Das Probem hatte ich auch, als ich es mal mit dem Installer versucht habe. Versuch es lieber mit dem "alten" Weg,bei demdu dich manuell durch die Installation arbeitest, dabei lernst du auch viele wichtige Dinge für später und kommst besser mit Gentoo klar  :Smile: 

http://www.gentoo.org/doc/de/handbook/handbook-x86.xml <-- Da einfach durcharbeiten  :Wink: 

----------

## der.gecko

ein forumsbot wäre nicht schlecht, der auf das handbuch verweist, wenn jemand gentoo und installer in einem satz verwendet  :Very Happy: 

----------

## Ampheus

Oder ein Hinweis im Installer: "Bitte nicht verwende, es sei denn, Sie wissen genau, was Sie tun oder sind masochistisch veranlagt."  :Smile: 

----------

## der.gecko

lol, eigentlich sollte es ja anderstherum lauten  :Twisted Evil:   aber ich finde das gut, wenn anfänger "gezwungen" sind, fortgeschrittenere methoden anzuwenden... da lernt man wenigstens was.

----------

## musv

 *surefire07 wrote:*   

> 
> 
> WEiss jemand woran das liegt? plz help !!
> 
> 

 

Wie schon erwähnt, liegt das am Installer. 

Die "richtige" Installations-CD für Gentoo findest du hier. Alternativ kannst du Dir auch von einem der Mirror-Server einen Stage3-Snapshot (liegen unter Releases->Snapshots) runterladen und Gentoo aus jeder beliebigen installierten Linuxdistri oder jeder anderer Live-CD installieren. Die Anleitung dazu ist hier zu finden.

----------

## surefire07

hey danke fuer eure antworten!!

dieses TING hat das ne grafische oberfläche ? oder welcher weg ist nun der einfachste, schnellste ?

den command line installer von der dvd oder das TING ?? oder ganz was andres ?

was empfehlt ihr mir ?

----------

## manuels

Der graphische Installer ist Müll und sollte nicht genutzt werden - also solltest du die Commandline-Installtion machen.
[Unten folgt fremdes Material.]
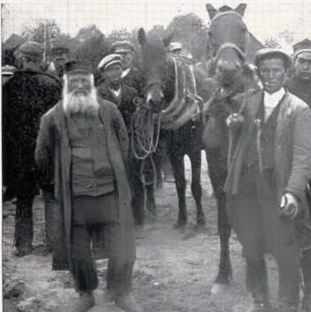
Jeden z wielu obrazków rodzajowych charakteryzujących nasze prowincjonalne miasteczka. Jarmark w Żelechowie w latach 30. XX wieku („Przeгляд Krajoznawczy”, nr 7-9, 1933)

sprawa przedstawia, zechce czytelnik zwrócić uwagę na załączone zdjęcie z ulicy, przypominającej małe Al. Ujazdowskie”.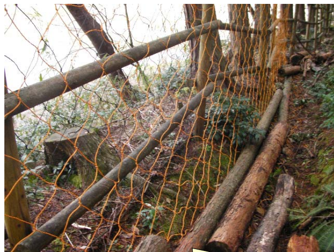
ネット柵と間伐材を利用して侵入防止効果を増強 動物が近づきにくいように工夫されている。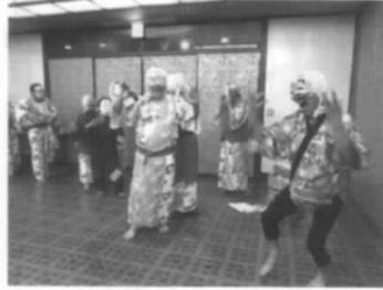
今回もひよっとこ登場!

宿に帰って疲れを癒したのちは、待ちに待った懇親会。今回も恒例となっている「仮装パフォーマンス」ひよっとこ踊りあり・女装者あり…見れば見るほどよか…着装者あり…等々で、「ヤジと笑い」に包まれた楽しい一夜を過ごしました。

Dort gibt es keinen Installer: Du musst nach Anleitung alle Kommandos selber eingeben.

Du hast die Wahl zwischen der Minimal-CD bei der du alle Dateien während der Installation herunterladen musst und der TING-CD auf der einige Pakete (e-builds mit Quellcode) bereits drauf sind.
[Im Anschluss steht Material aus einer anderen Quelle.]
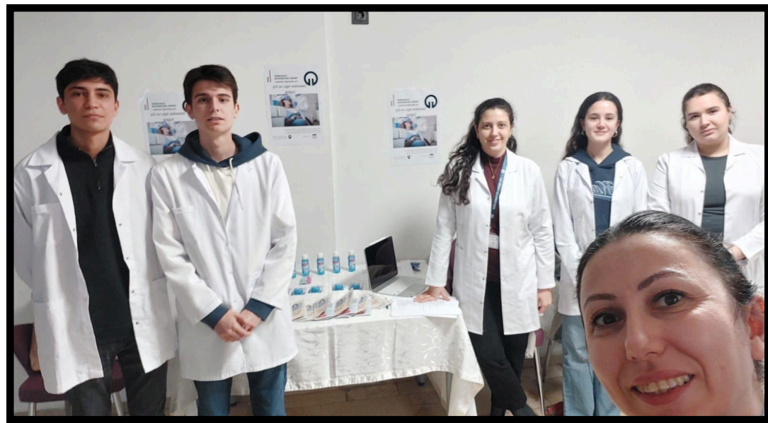
Resim 6. Proje ekibi

Wenn du eine DSL-Flat hast würde ich dir die Minimal-CD empfehlen.

----------

## musv

 *surefire07 wrote:*   

> dieses TING hat das ne grafische oberfläche ?

 

Nein, für eine Gentooinstallation braucht man keinen Installer und schon gar keinen grafischen.

 *surefire07 wrote:*   

> oder welcher weg ist nun der einfachste, schnellste ?

 

Eine Gentoo-Installation ist weder einfach noch schnell. Hatte vor kurzem Scientific Linux installieren dürfen/müssen. Das klappte wunderbar. Der Installer nahm einem jegliche Arbeit ab. Und innerhalb von 2 Stunden war System einsatzbereit. Dafür ist das Teil hinter extrem grausam zu konfigurieren. Bei Gentoo ist die Installation um einiges langwieriger, dafür hast du hinterher (bei richtiger Installation) ein brauchbares, verständliches und konfigurierbares System.

 *surefire07 wrote:*   

> den command line installer von der dvd oder das TING ??

 

TING ist der Name des Projektes. Die CD enthält keinen Installer. Soweit ich weiß, besteht die CD aus einem gentoobasiertem Live-System mit allen notwendigen Sachen, die du für eine Offline-Installation benötigst. Für eine Online-Installation reicht Dir wie bereits erwähnt irgendein Linux und der stage3-Tarball. Alles das findest du auf der TING-CD.

 *surefire07 wrote:*   

> was empfehlt ihr mir ?

 

Das was wir Dir oben schon empfohlen haben. Vergiß das Wort Installer und richte Dich nach der offiziellen Anleitung.

PS: Du plenkst.

----------

## surefire07

hmm ja ich installier das ja nicht zum ersten mal, aber ich dachte mittlerweile ginge es einfacher.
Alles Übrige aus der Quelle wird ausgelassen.